A Rust library to support natural language processing with pure Rust implementation and Python bindings

Rust Docs | Crates Home Page | Tests | NER-Kit

Features

The rsnltk library integrates various existing Python-written NLP toolkits for powerful text analysis in Rust-based applications.

Functions

This toolkit is based on the Python-written Stanza and other important NLP crates.

A list of functions from Stanza and others we bind here include:

  • Tokenize
  • Sentence Segmentation
  • Multi-Word Token Expansion
  • Part-of-Speech & Morphological Features
  • Named Entity Recognition
  • Sentiment Analysis
  • Language Identification
  • Dependency Tree Analysis

Some amazing crates are also included in rsnltk but with simplified APIs for actual use:

Additionally, we can calculate the similarity between words based on WordNet though the semantic-kit PyPI project via pip install semantic-kit.

Installation

  1. Make sure you install Python 3.6.6+ and PIP environment in your computer. Type python -V in the Terminal should print no error message;

  2. Install our Python-based ner-kit (version>=0.0.5a2) for binding the Stanza package via pip install ner-kit==0.0.5a2;

  3. Then, Rust should be also installed in your computer. I use IntelliJ to develop Rust-based applications, where you can write Rust codes;

  4. Create a simple Rust application project with a main() function.

  5. Add the rsnltk dependency to the Cargo.toml file, keep up the Latest version.

  6. After you add the rsnltk dependency in the toml file, install necessary language models from Stanza using the following Rust code for the first time you use this package.

fn init_rsnltk_and_test(){
    // 1. first install the necessary language models 
    // using language codes
    let list_lang=vec!["en","zh"]; 
    //e.g. you install two language models, 
    // namely, for English and Chinese text analysis.
    download_langs(list_lang);
    // 2. then do test NLP tasks
    let text="I like Beijing!";
    let lang="en";
    // 2. Uncomment the below codes for Chinese NER
    // let text="我喜欢北京、上海和纽约!";
    // let lang="zh";
    let list_ner=ner(text,lang);
    for ner in list_ner{
        println!("{:?}",ner);
    }
}

Or you can manually install those language models via the Python-written ner-kit package which provides more features in using Stanza. Go to: ner-kit

If no error occurs in the above example, then it works. Finally, you can try the following advanced example usage.

Currently, we tested the use of English and Chinese language models; however, other language models should work as well.

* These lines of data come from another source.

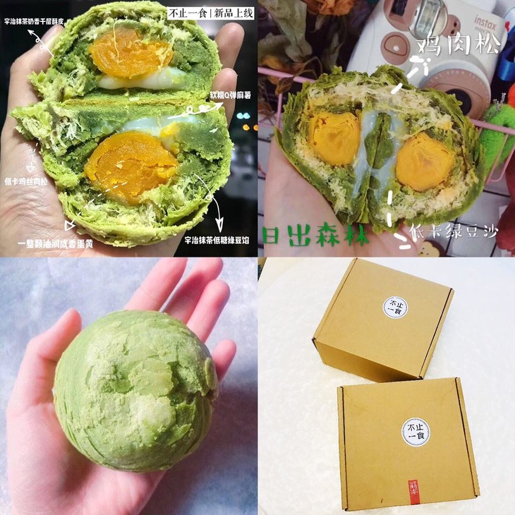 日出森林:宇治抹茶千层酥皮的酥脆,加上低卡清真鸡丝肉松和低糖绿豆,还有沙沙流油的超大蛋黄和香甜软糯的弹弹麻薯,共同构成了独特口感,层层酥脆,清甜咸香,最后的麻薯更是带来别样享受!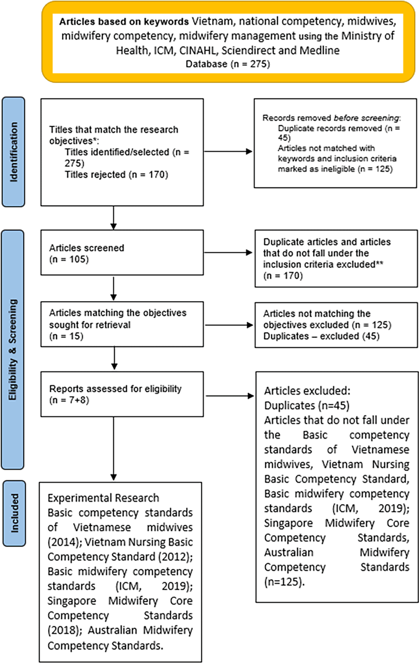Phase 1: phase 1 consisted of a systematic review to synthesize the initial set of competency standards. A literature review was conducted to identify the Vietnamese and international literature on midwifery competency standards. The review included material from established databases such as the Ministry of Health, ICM, CINAHL, Sciencedirect and Medline as well as conference presentations, national and international publications and reports from regulatory and professional bodies. Keywords included in the literature were “midwifery competency standards”; “bachelor of midwifery”; “professional competency standards”. The literature resources were identified according to the following criteria: (1) midwifery population; (2) the competency standards and the elements were examined. The PRISMA Flow Diagram was used to guide the search (Thanh Le et al., 2023).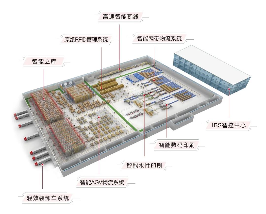 同时还配置一套IBS智能化工厂管理系统,实现设备间互联互通及工厂高效运营决策管理。后期逐步按总体规划进行智能工厂建设,在园区内部逐步打造形成纸板/纸箱生产制造及配套智能的包装科技园。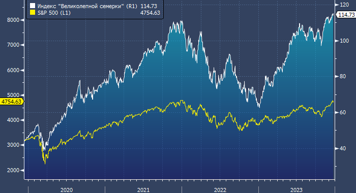 «Локомотивом опережающей динамики индексов акций американских технологических компаний выступила „Великолепная семерка“: Alphabet, Amazon, Apple, Meta Platforms (признана в России экстремистской организацией, ее деятельность запрещена), Microsoft, NVIDIA и Tesla», — пишет Альберт Эдвардс.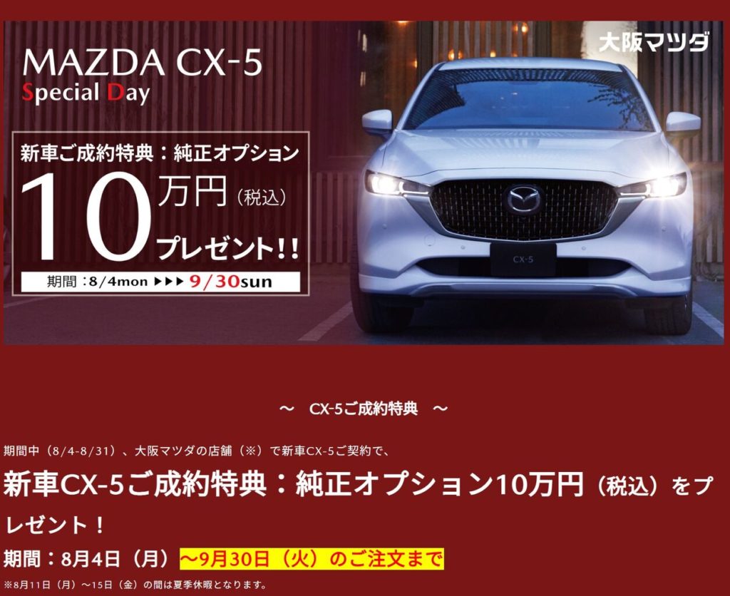 画像引用元:CX-5 Special Day! 純正オプション10万円プレゼント! ~2025年9月30日の受注まで~ _ 大阪・関西でマツダ車のご用命は大阪マツダ販売株式会社へ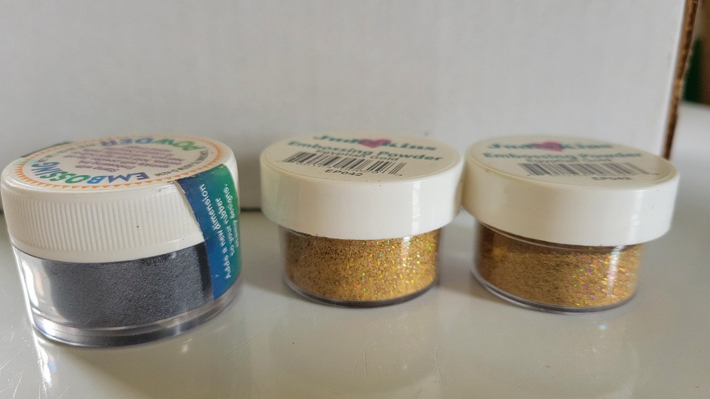 как выглядит 12 Embossing Powder Lot Mostly Full - Mixed Brands/Sizes/Colors - Used 1 New фото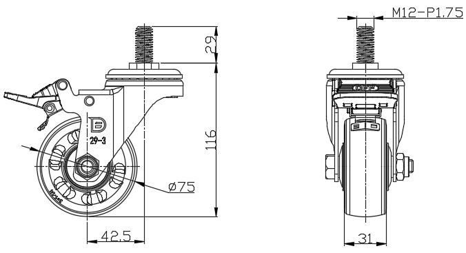 Casters with a Total Brake and With locking system. Threaded Stem Riveted Pressed Fork—M12-P1.75.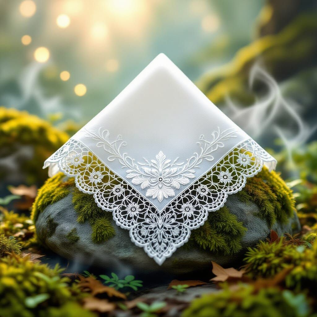 This image shows an embroidered handkerchief with lace trim on a mossy stone. The scene is filled with mist and soft, golden light, creating a whimsical and dreamlike ambiance.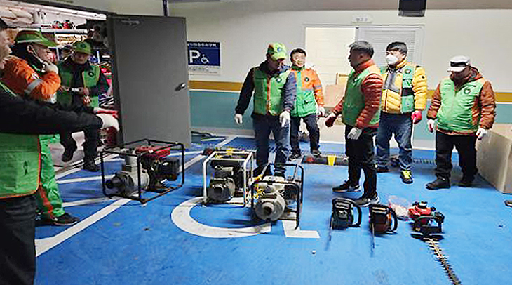 이날 캠페인에서는 동절기가 대설에 대응하기 위해 사용한 제설장비 정비와 호우를 대비하기 위해 수방 자재를 점검하는 시간을 가졌다.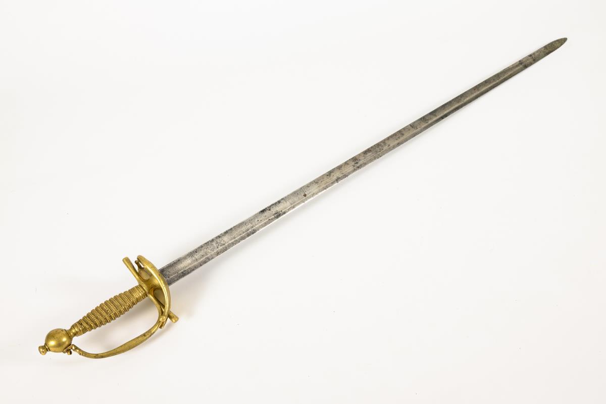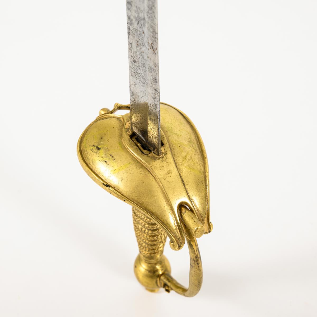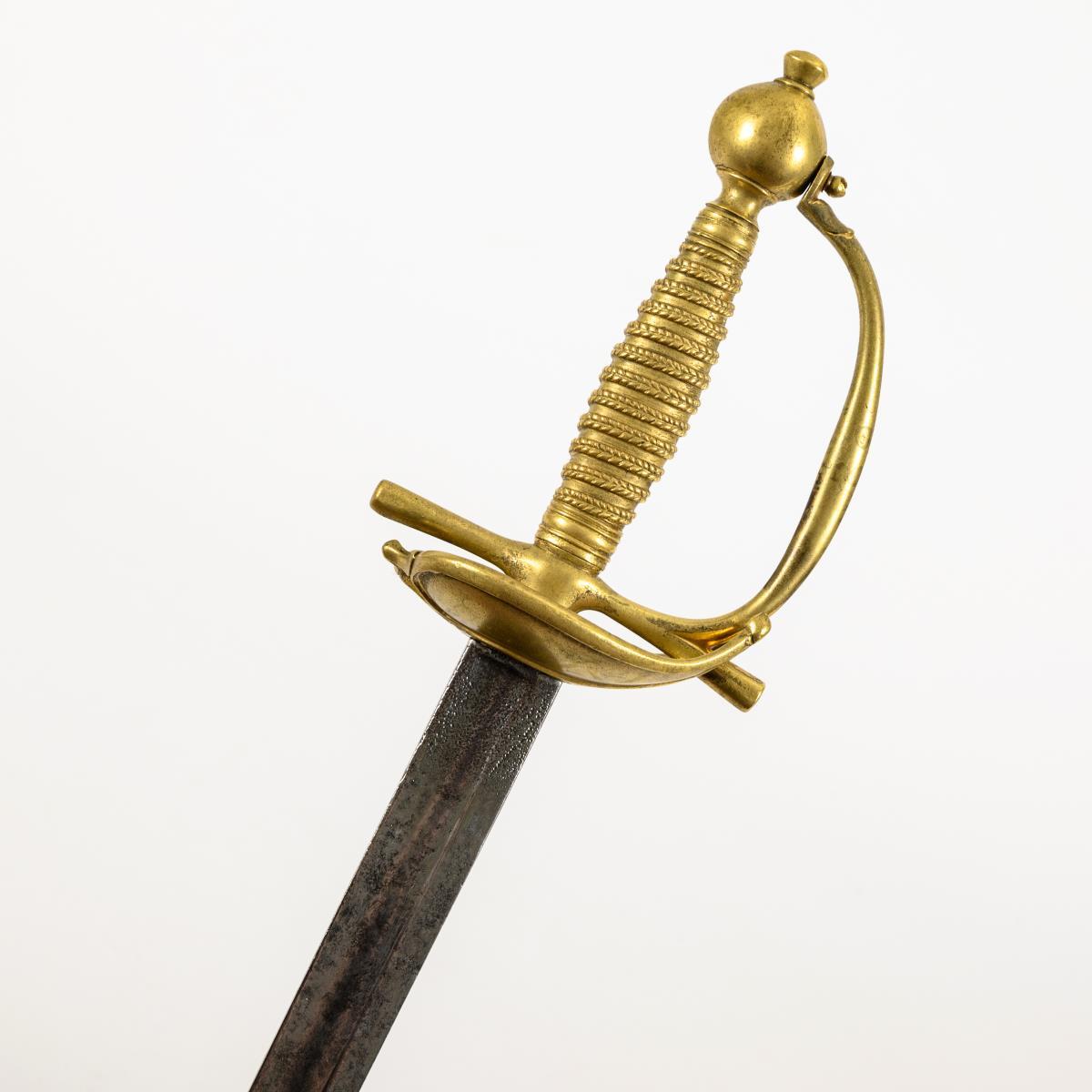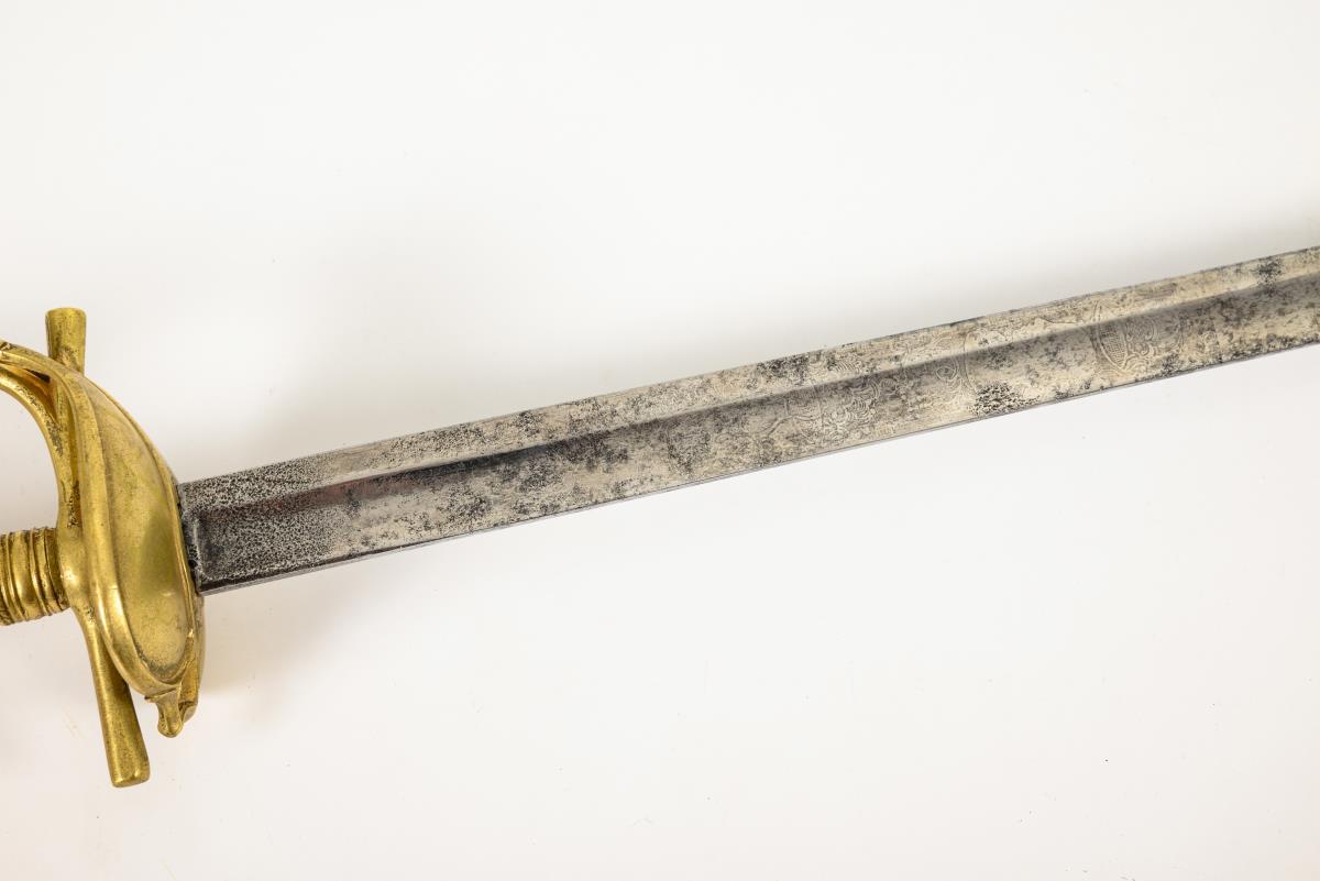 In the style of swords for cuirassier officers. Straight, single-edged blade with a broad fuller. Remnants of pattern etching with profile head and coat of arms depiction. Brass hilt with a heart-shaped, split guard plate, straight quillons and ball pommel. Optical wire winding, but here cast with the grip. Corrosion pits.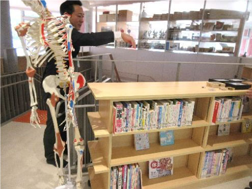 画像は理科のブース、人骨模型や子供たちが集めた昆虫の標本が飾られていた。
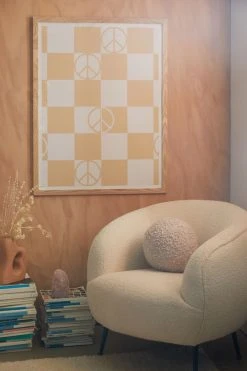 Budget π Gnomeapple Checkered Peace Sign Sand Color Art Print Natural Wood Frame π§¨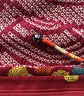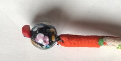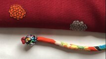 中綿を入れ、正絹の着物で作ったループを付け、ループの先にトンボ玉とと山サンゴを付けています。

Examples with Stanza Bindings

Example 1: Part-of-speech Analysis

    fn test_pos(){
    //let text="我喜欢北京、上海和纽约!";
    //let lang="zh";
    let text="I like apple";
    let lang="en";
    let list_result=pos(text,lang);
    for word in list_result{
        println!("{:?}",word);
    }
}

Example 2: Sentiment Analysis

    fn test_sentiment(){
        //let text="I like Beijing!";
        //let lang="en";
        let text="我喜欢北京";
        let lang="zh";
        let sentiments=sentiment(text,lang);
        for sen in sentiments{
            println!("{:?}",sen);
        }
    }

Example 3: Named Entity Recognition

    fn test_ner(){
        // 1. for English NER
        let text="I like Beijing!";
        let lang="en";
        // 2. Uncomment the below codes for Chinese NER
        // let text="我喜欢北京、上海和纽约!";
        // let lang="zh";
        let list_ner=ner(text,lang);
        for ner in list_ner{
            println!("{:?}",ner);
        }
    }

Example 4: Tokenize for Multiple Languages

    fn test_tokenize(){
        let text="我喜欢北京、上海和纽约!";
        let lang="zh";
        let list_result=tokenize(text,lang);
        for ner in list_result{
            println!("{:?}",ner);
        }
    }

Example 5: Tokenize Sentence

    fn test_tokenize_sentence(){
        let text="I like apple. Do you like it? No, I am not sure!";
        let lang="en";
        let list_sentences=tokenize_sentence(text,lang);
        for sentence in list_sentences{
            println!("Sentence: {}",sentence);
        }
    }

Example 6: Language Identification

fn test_lang(){
    let list_text = vec!["I like Beijing!",
                         "我喜欢北京!", 
                         "Bonjour le monde!"];
    let list_result=lang(list_text);
    for lang in list_result{
        println!("{:?}",lang);
    }
}

Example 7: MWT expand

    fn test_mwt_expand(){
        let text="Nous avons atteint la fin du sentier.";
        let lang="fr";
        let list_result=mwt_expand(text,lang);
    }

Example 8: Estimate the similarity between words in WordNet

You need to firstly install semantic-kit PyPI package!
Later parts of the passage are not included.